# Recorded data

--- START ---

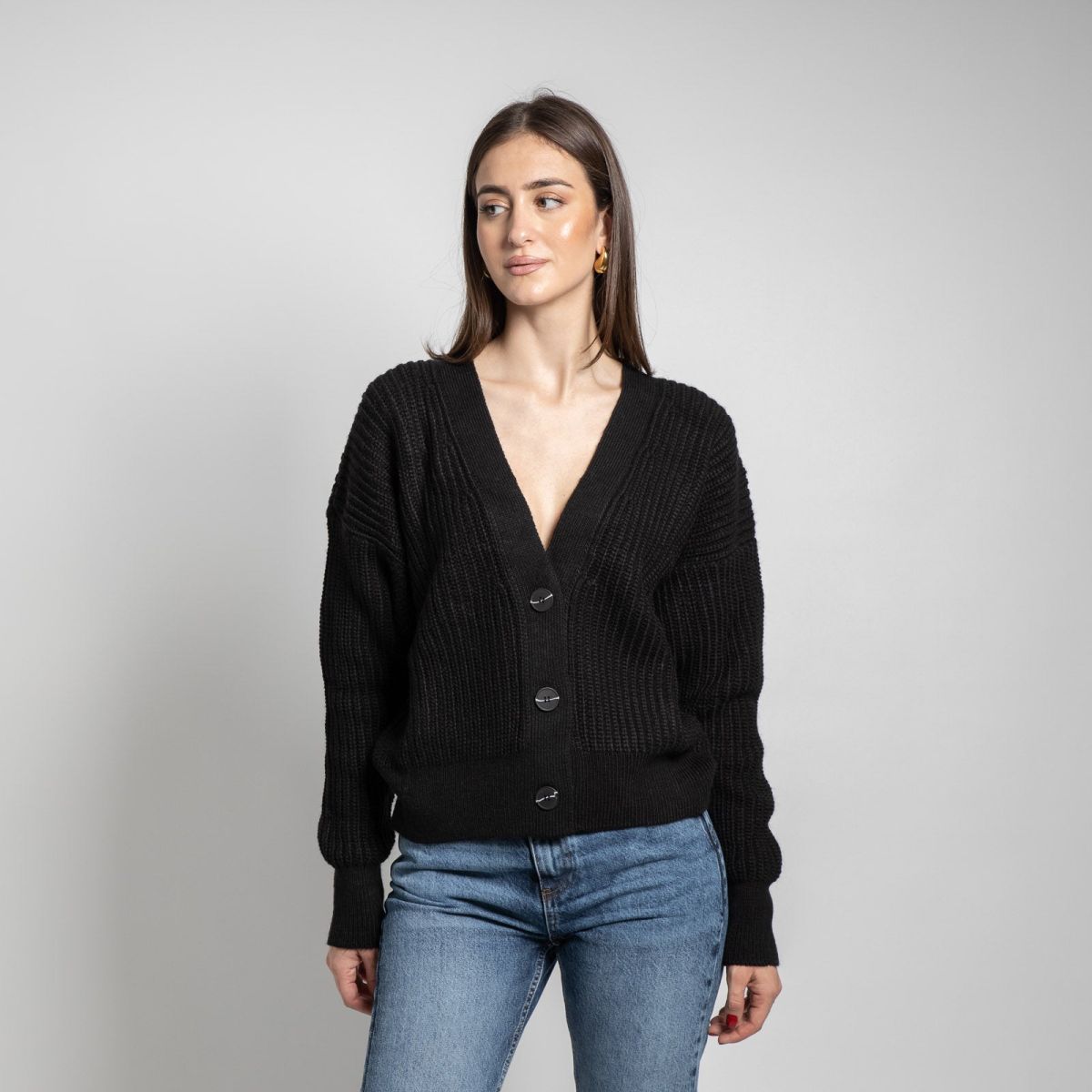 Πλεκτή κοντή ζακέτα με τρία κουμπιά και χοντρή πλέξη.
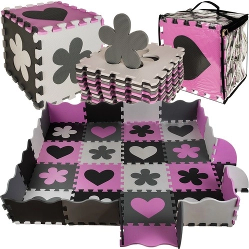 Podlogo lahko sestavite na ravno (pribl. 140 × 140 cm) ali ustvarite ograjo s pomočjo stranskih letvic in kotnikov. Material EVA je vodoodporen in enostaven za čiščenje – dovolj je obris z vlažno krpo. Komplet je dobavljen v praktičnem prenosnem etuiju, zato ga zlahka vzamete s seboj na obisk ali pospravite, ko ni v uporabi.
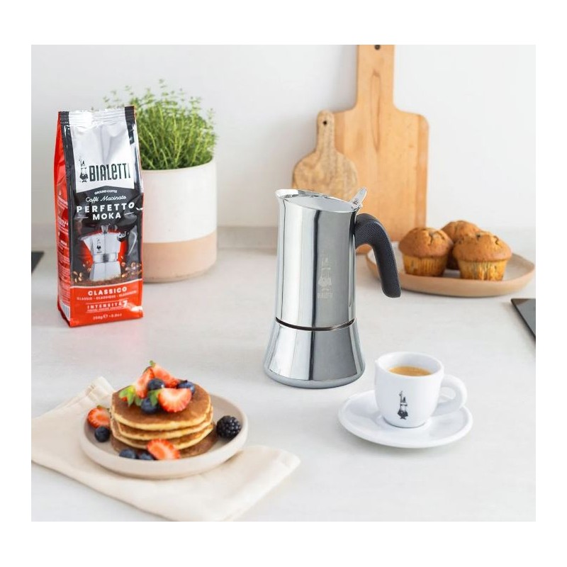 La cafetera Bialetti Venus tiene un diseño inconfundible y elegante. Además, garantiza una alta calidad gracias a la válvula de seguridad patentada que facilita su limpieza.
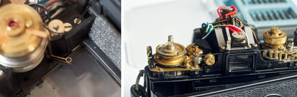 Any mechanical computer is subject to wear, but the scope for wear here is small. The cables are quite robust, and the pulleys are well-made. In contrast, the next generation of cameras used cutting-edge electronics. It is not uncommon to find that those more sophisticated exposure systems stop working because of the failure of a single component (and there can be lots of components). If you rule out accidents and misuse, those first generations of electronic cameras, dating from the late 70s and into the 80s tended to fail electronically rather than mechanically.
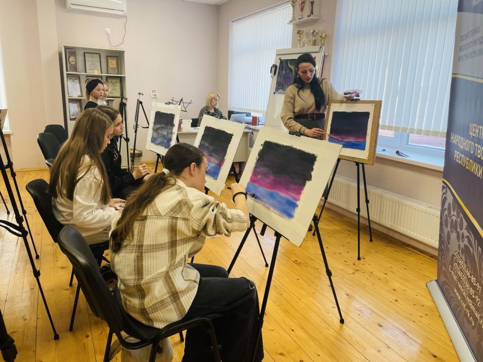 Провела мастер-класс по живописи акриловыми красками методист отделения культуры и народных ремесел ГБУКРК «ЦНТРК», художник Масалаб Виктория Вячеславовна.
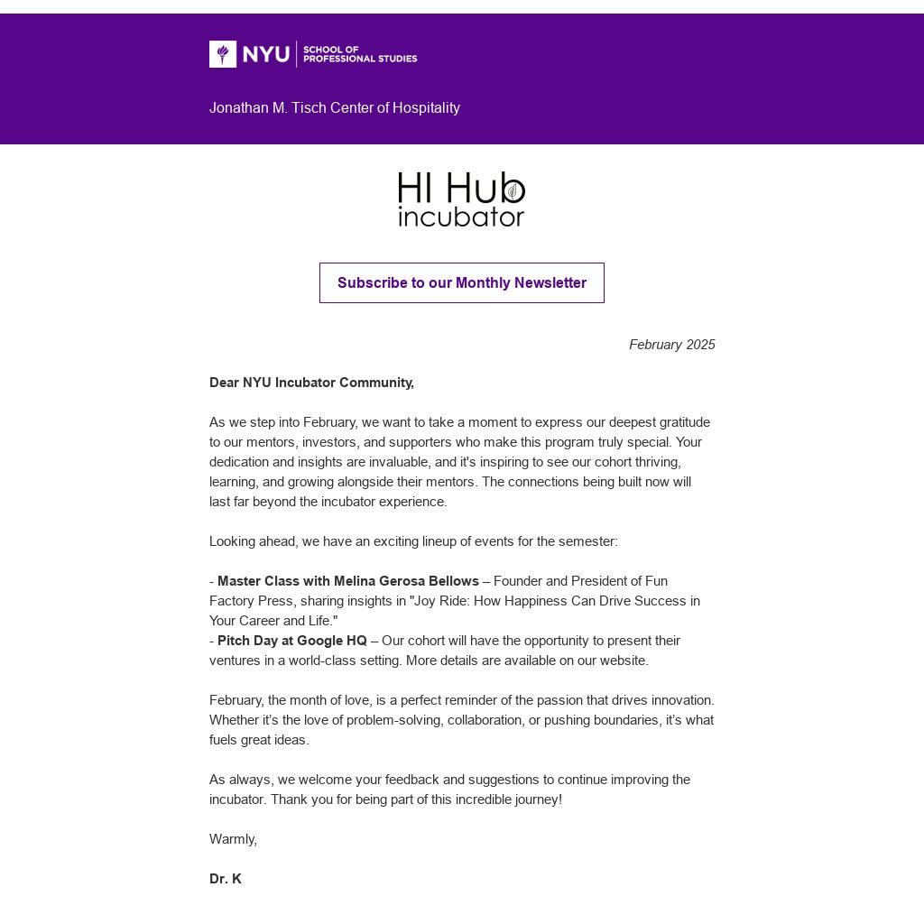 As we step into February, we want to take a moment to express our deepest gratitude to our mentors, investors, and supporters who make this program truly special. Your dedication and insights are invaluable, and it's inspiring to see our cohort thriving, learning, and growing alongside their mentors. The connections being built now will last far beyond the incubator experience.

--- END ---

# Aim of the task
Give again, exactly, the lines starting at the first entry above and ending at the line with "Podlogo lahko sestavite"; please leave pictures out.

# Task result
 Πλεκτή κοντή ζακέτα με τρία κουμπιά και χοντρή πλέξη.
 Podlogo lahko sestavite na ravno (pribl. 140 × 140 cm) ali ustvarite ograjo s pomočjo stranskih letvic in kotnikov. Material EVA je vodoodporen in enostaven za čiščenje – dovolj je obris z vlažno krpo. Komplet je dobavljen v praktičnem prenosnem etuiju, zato ga zlahka vzamete s seboj na obisk ali pospravite, ko ni v uporabi.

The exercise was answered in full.